The compensation panel has been keeping its recommendations under tight wraps, but the Globe has been briefed on some of the details of its report. Under its recommendations, other constitutional officers would also be given significant raises. The attorney general's pay would move from $133,644 to $159,100, and the secretary of state and state auditor's salaries would go from $130,916 to $155,852. Judges, who were given a raise to $129,694 from $112,777 in 2006, their first increase in six years, would be given automatic cost-of-living raises along with the jump of their salaries - to $160,000.

As some details have leaked, clerks of the courts - whose salaries and the wage of their assistants for years has been about 81.5 percent of judges' salaries - were gearing up to battle the plan because it would break that formula and allow judges to outpace their raises.

Daniel J. Hogan, clerk magistrate of the Boston Municipal Court who heads the state's clerks association, said his group would strongly oppose any "decoupling" of their salaries from judicial pay levels.

"I would be very disappointed if that is their recommendation," he said. "That would be a bit beyond the scope of the committee."
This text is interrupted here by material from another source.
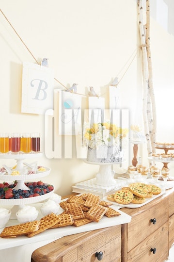 A spread of brunch foods—waffles, quiche tartlets, cake, muffins, fresh fruit and granola-yogurt parfaits—are arranged on a buffet with spring-theme decorations.
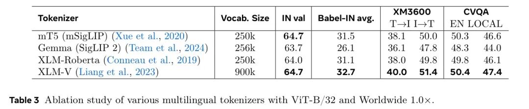为最小化模型架构的改动,作者仅将英语分词器替换为多语言分词器。在零样本基准测试中研究了四种流行的分词器。如表3所示,XLM-V词汇表在英语和非英语领域均表现出最佳性能。

The clerks, with their patronage hirings and control of court proceedings, wield a huge amount of influence over lawmakers, almost all of whom have one or more district court in their legislative districts.

In addition to Guzzi, other members of the compensation panel include: Nova Costa, managing director of Salary.com; Stephen Crosby, dean of the McCormack Graduate School of Policy Studies, University of Massachusetts at Boston; Pamela Wilmot, executive director of Common Cause/Massachusetts; and Thomas Kochan, professor of management at MIT's Sloan School of Management.